(Given records begins)

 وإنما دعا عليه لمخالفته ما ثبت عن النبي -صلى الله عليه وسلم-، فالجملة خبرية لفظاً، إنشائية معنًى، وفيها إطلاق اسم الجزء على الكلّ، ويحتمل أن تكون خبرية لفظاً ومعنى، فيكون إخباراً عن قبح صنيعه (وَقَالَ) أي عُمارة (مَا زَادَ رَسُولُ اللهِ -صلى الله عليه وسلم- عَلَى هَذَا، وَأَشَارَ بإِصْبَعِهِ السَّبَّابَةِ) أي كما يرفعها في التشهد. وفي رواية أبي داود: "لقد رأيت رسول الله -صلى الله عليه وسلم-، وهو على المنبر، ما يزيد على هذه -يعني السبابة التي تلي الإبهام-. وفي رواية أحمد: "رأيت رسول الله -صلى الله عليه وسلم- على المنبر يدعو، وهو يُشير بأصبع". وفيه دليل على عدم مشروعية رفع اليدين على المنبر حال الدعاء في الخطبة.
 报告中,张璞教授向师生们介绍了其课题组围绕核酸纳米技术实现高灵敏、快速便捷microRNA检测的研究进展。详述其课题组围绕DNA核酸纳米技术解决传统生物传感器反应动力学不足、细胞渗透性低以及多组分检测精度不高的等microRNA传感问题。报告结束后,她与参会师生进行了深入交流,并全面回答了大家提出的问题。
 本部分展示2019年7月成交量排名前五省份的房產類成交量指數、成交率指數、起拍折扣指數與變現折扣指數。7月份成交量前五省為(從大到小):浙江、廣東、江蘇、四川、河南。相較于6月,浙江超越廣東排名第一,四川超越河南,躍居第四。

(Given records ends)
(Given records begins)

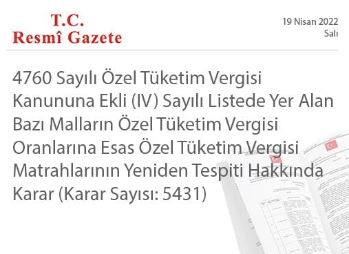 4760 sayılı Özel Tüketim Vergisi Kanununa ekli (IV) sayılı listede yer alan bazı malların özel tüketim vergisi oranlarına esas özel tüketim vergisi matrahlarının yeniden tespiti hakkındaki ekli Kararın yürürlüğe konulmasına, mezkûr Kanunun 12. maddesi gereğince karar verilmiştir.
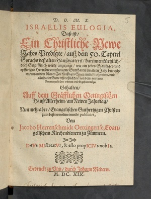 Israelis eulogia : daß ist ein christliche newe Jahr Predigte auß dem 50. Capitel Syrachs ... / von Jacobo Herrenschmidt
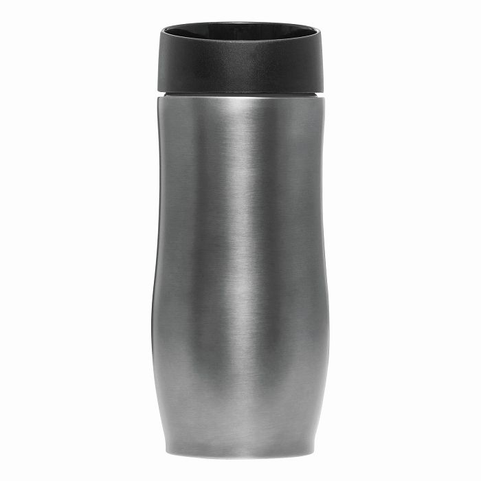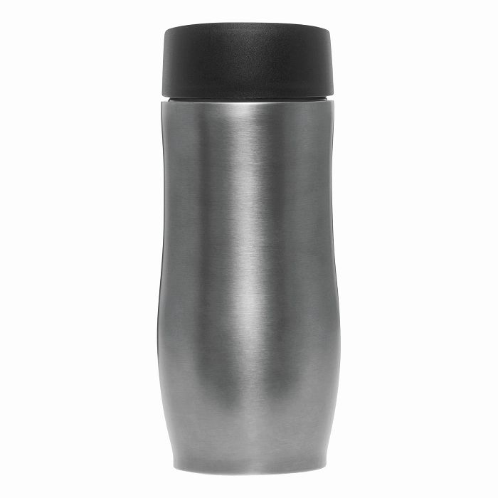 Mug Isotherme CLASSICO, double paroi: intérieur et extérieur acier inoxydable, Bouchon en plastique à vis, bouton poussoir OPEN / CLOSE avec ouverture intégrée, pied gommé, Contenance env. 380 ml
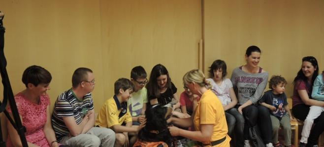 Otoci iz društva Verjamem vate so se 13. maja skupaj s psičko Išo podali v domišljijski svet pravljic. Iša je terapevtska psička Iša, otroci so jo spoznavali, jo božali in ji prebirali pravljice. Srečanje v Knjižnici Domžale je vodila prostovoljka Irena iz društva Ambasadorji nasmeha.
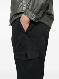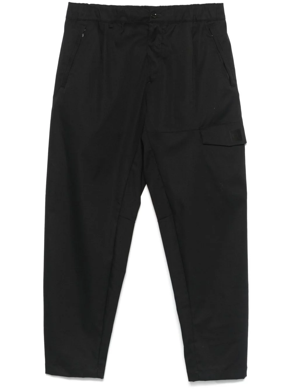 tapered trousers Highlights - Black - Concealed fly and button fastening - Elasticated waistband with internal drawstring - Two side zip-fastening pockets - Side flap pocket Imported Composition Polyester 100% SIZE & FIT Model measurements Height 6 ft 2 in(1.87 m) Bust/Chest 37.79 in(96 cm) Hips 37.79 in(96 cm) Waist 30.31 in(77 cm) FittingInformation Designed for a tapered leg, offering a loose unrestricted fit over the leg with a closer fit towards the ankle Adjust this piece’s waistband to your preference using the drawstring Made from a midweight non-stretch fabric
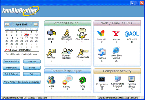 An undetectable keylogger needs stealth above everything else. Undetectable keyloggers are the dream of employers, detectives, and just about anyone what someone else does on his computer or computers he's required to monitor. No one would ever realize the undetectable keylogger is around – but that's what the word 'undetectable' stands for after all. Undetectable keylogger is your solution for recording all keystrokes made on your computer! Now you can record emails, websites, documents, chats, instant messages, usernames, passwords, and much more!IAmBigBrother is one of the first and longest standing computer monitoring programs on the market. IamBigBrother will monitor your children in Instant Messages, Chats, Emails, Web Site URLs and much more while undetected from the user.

(Given records ends)

■ **What is required**: The expected output is the lines above from the one containing "4760 sayılı Özel" to the one containing "Mug Isotherme CLASSICO, double", both ends included, reproduced exactly with every picture left out.

■ **Response for this exercise**:
 4760 sayılı Özel Tüketim Vergisi Kanununa ekli (IV) sayılı listede yer alan bazı malların özel tüketim vergisi oranlarına esas özel tüketim vergisi matrahlarının yeniden tespiti hakkındaki ekli Kararın yürürlüğe konulmasına, mezkûr Kanunun 12. maddesi gereğince karar verilmiştir.
 Israelis eulogia : daß ist ein christliche newe Jahr Predigte auß dem 50. Capitel Syrachs ... / von Jacobo Herrenschmidt
 Mug Isotherme CLASSICO, double paroi: intérieur et extérieur acier inoxydable, Bouchon en plastique à vis, bouton poussoir OPEN / CLOSE avec ouverture intégrée, pied gommé, Contenance env. 380 ml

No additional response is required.